L’immagine viene analizzata in uno studio guidato dallo stesso Guarcello pubblicato lo scorso febbraio su Astronomy & Astrophysics.

Attualmente nella nostra galassia si formano solo una manciata di stelle ogni anno, ma in passato – circa 10 miliardi di anni fa, secondo i ricercatori – la Via Lattea produceva dozzine o centinaia di stelle all’anno. Gli astronomi ritengono che la maggior parte di questa formazione stellare abbia avuto luogo in massicci ammassi di stelle – o “super ammassi stellari”: proprio come Westerlund 1.

Ma gli ambienti di formazione stellare non sono tutti uguali, spiega Guarcello a Media Inaf. «Queste regioni stellari possono avere ambienti completamente diversi, ambienti che possono influenzare sia il processo di formazione di stelle e pianeti, sia le primissime fasi evolutive delle stelle. Molta della nostra conoscenza sul processo di formazione stellare viene dalle regioni vicine al Sole, che però sono di massa piccola. In queste regioni non è possibile testare gli effetti degli ambienti massicci, in particolare quelli legati alla presenza di stelle di grande massa o ad alte densità stellari».

Secondo i ricercatori, sono pochi i super ammassi di stelle che esistono ancora nella nostra galassia, e offrono indizi importanti sull’antica era in cui si è formata la maggior parte delle stelle della Via Lattea. Westerlund 1 è il più grande di questi super ammassi stellari rimasti: contiene una massa compresa tra 50mila e 100mila soli. Queste qualità rendono Westerlund 1 un obiettivo eccellente per studiare l’impatto dell’ambiente di un super ammasso stellare sul processo di formazione di stelle e pianeti, nonché sull’evoluzione delle stelle su un’ampia gamma di masse.

Prima del progetto Ewocs, Chandra aveva rilevato in Westerlund 1 1721 sorgenti luminose.
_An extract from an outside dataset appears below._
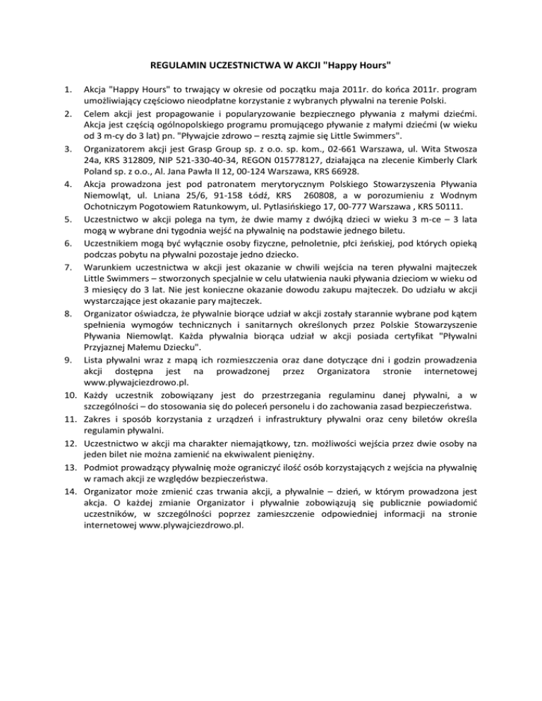 REGULAMIN UCZESTNICTWA W AKCJI "Happy Hours" 1. 2. 3. 4. 5. 6. 7. 8. 9. 10. 11. 12. 13. 14. żl ęś n ł n n b n h ł ln n n P l Celem akcji jest propagowanie i l n b n ł n ł ęś ln l ł n ł w wieku od 3 m-cy 3 l ) n Pł – ęL l S Organizatorem akcji jest Grasp Group sp. z o.o. sp. kom., 02-661 Warszawa, ul. Wita Stwosza 24a, KRS 312809, NIP 521-330-40-34, REGON 015778127, ł na zlecenie Kimberly Clark P l n , l J n P ł II , -124 Warszawa, KRS 66928. Akcja prowadzona jest pod patr n n P l S n Pł n N l , l Ln n 5/6, 9 - 58 Ł ź, KRS 6 8 8, a w porozumieniu z Wodnym O h n P R n , l P l 7, 00-777 Warszawa , KRS 50111. Uczestnictwo w akcji polega na tym, ż 3 -ce – 3 lata b n n n ś n ł ln ę n n bl U n b ł n b f n , łn l n , ł ż , h b n ł ln ostaje jedno dziecko. W n n n h l ś n n ł ln Little Swimmers – n h ln l ł n n ł n 3 ę 3l N n n n D ł n O n ś ,ż ł ln b ł ł nn b n łn n hn n h n n h śl n h P l S owarzyszenie Pł n N l K ż ł ln b ł f Pł ln P n M ł D L ł ln h n n n n n ę n n n przez Organizatora stronie internetowej www.plywajciezdrowo.pl. K ż n b n n l n n ł ln , ln ś – n ę l n l h n b Z b n nf ł ln n bl śl l n ł ln U n h n , n żl ś ś b n nbl n żn n n l n n ężn Podmiot prowad ł ln ę ż n l ś b h ś n ł ln ę h lę b . O n ż n n , ł ln – , n O ż n O n ł ln b ę bl n n , ln ś n n nf n n internetowej www.plywajciezdrowo.pl.

Questo nuovo set di dati ha registrato quasi seimila sorgenti in raggi X, comprese le stelle più deboli con masse inferiori a quella del Sole. Di queste, 1075 stelle sono state rilevate da Chandra molto vicine al centro dell’ammasso, entro i quattro anni luce. Ciò offre agli astronomi la possibilità di studiare una nuova popolazione stellare. Per dare un’idea di quanto sia affollato, quattro anni luce rappresentano circa la distanza tra il Sole e Proxima Centauri, la seconda stella più vicina alla Terra.

«Sono vari i motivi per cui questo è interessante», conclude Guarcello. «Mi piace pensare che queste regioni di formazione stellare siano oggi rare nella Via Lattea a differenza di quando la nostra galassia attraversava epoche di intensa formazione stellare dopo eventi di merging».

L’emissione diffusa osservata nei dati Ewocs rappresenta la prima rilevazione di un alone di gas caldo che circonda il centro di Westerlund 1, che gli astronomi ritengono sarà cruciale per valutare la formazione e l’evoluzione dell’ammasso e per fornire una stima più precisa della sua massa.